Стали кашку варить, стали деток кормить.
Да, полно, видимо я спутал — это мать много позже поёт колыбельную уже мне, как иначе из живота мог я, несмыслёныш, понять слова.
 Странно, что раньше в обычной жизни мои воспоминания никогда не простирались до столь ранних моментов жизни.
 Вот мы, маленькие ребятишки, пока не видит мать (на работе) скатываемся зимой с крыши нашего довольно высокого дома в снежный сугроб, дух замирает, когда под тобой обрывается стреха, и ты летишь в воздухе. Жутко! Но мы вновь и вновь подымаемся на крышу, чтобы испытать это ощущение.
 Вот мы сидим в песке у дороги с моей первой подружкой, одногодкой Валей, и лепим пирожки, поливая песок из ведёрок. Это я помнил и раньше. Помнил я и следующий кадр: мы Мишкой, в переулке рядом с краснокирпичной школой, добротно построенной ещё в царское время, лупим друг друга портфелями. Это из-за неё — Вали, которая стоит рядом и, скромно потупясь, ожидает победителя. Мне досталось больше — Мишка саданул меня по носу и, пока я сморкался кровью, сдерживаясь изо всех сил, чтобы не всхлипывать, Валя ушла с ним.
 Мне так не везло в детстве на девчонок! Младший брат Лёня, ученик второго класса, а я уже был в пятом, во всю хвастался, как целовался с одноклассницей и даже (!) лежал с ней раздетым где-то в траве, в подтверждение чего показывал от «падшей» девочки любовные записки с уверениями в любви до гроба. Что уж говорить о старшем брате, который, имея высокий рост и мужественные черты лица, гулял уже с почти взрослыми девчонками семнадцати лет, приезжавшими из города на уборку. Я же, считавшийся отличником из класса в класс, пользовался у товарищей старше меня доверием наперсника. Так по просьбе Кости, одноклассника старшего брата — передавал записочки красивой городской девчонке Оле, племяннице судьи, жившем по соседству с нами в одном дворе, приехавшей погостить на лето, и вёл от его имени переговоры о встрече. Оля ломалась, жеманилась, заломив руки и переставляя крест накрест свои загорелые коленки под коротким платьицем, у нас такие не носили, но на встречу соглашалась, после чего я оставался один с совершенно негодным настроением, я сам хотел встречаться с ней.

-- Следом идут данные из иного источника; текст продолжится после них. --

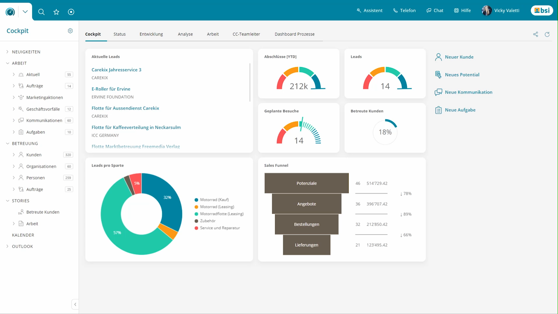 Alles Wichtige auf einen Blick: Das BSI Cockpit bündelt relevante Kennzahlen und bietet Vertrieb, Service und Marketing einen 360-Grad-Blick auf die Kunden. (Bild: BSI)

 Потом пронеслись воспоминания, как долгими ночами сидел я у первого, собранного своими руками детекторного приёмника и настойчиво пытался регулировкой проволочки на кремниевом кристалле добиться в наушниках повышенной громкости, слушая музыкальные передачи радиостанции «Маяк».

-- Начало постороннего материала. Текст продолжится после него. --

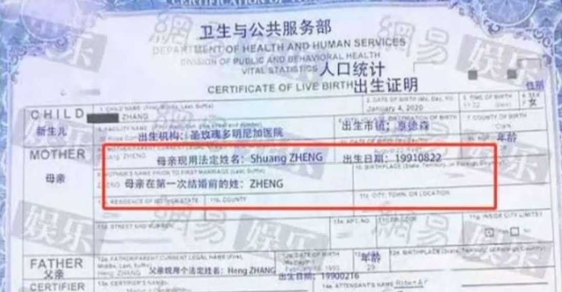 이 글과 함께 공개한 출생증명서에 두 아이의 엄마로 정솽이 기재되어 있었던 것.

 Потом понеслись годы моей учёбы в техникуме в Свердловске, годы первой любви с настоящими поцелуями и ночными бдениями в Инниной комнате, да, у неё, дочери полковника, имелась отдельная комната. Но дальше поцелуев и спанья вместе в одежде дело не заходило. Инна была красива, умна и влиятельна среди сокурсников — все три года избиралась комсоргом, к тому же имела престижных родителей. Желающих подкатиться к ней, в основном старших парней, прошедших армию, было предостаточно. Но у нас была верная любовь целых полтора года. Чем я её увлёк ? Не знаю. Тем, что я и в техникуме остался по инерции отличником и шёл в первых? Навряд, ли. Кажется мне, тем, что я, сельский парень, заметно отличался от продвинутых городских стиляг своей простотой и непосредственностью, доходившей, например, до того, что я явился как-то зимой в театр музкомедии, Инна взяла туда билеты, в валенках, что вызвало у неё вначале лёгкий шок, а потом приступ бурного веселья. Видимо, общественнице Инне нравилось воспитывать меня, сельского увальня, как деликатной Мальвине несносного Буратино, впрочем, она делала это тактично и неназойливо, и я превращался постепенно в рафинированного интеллигента, какими, несомненно, были её родители.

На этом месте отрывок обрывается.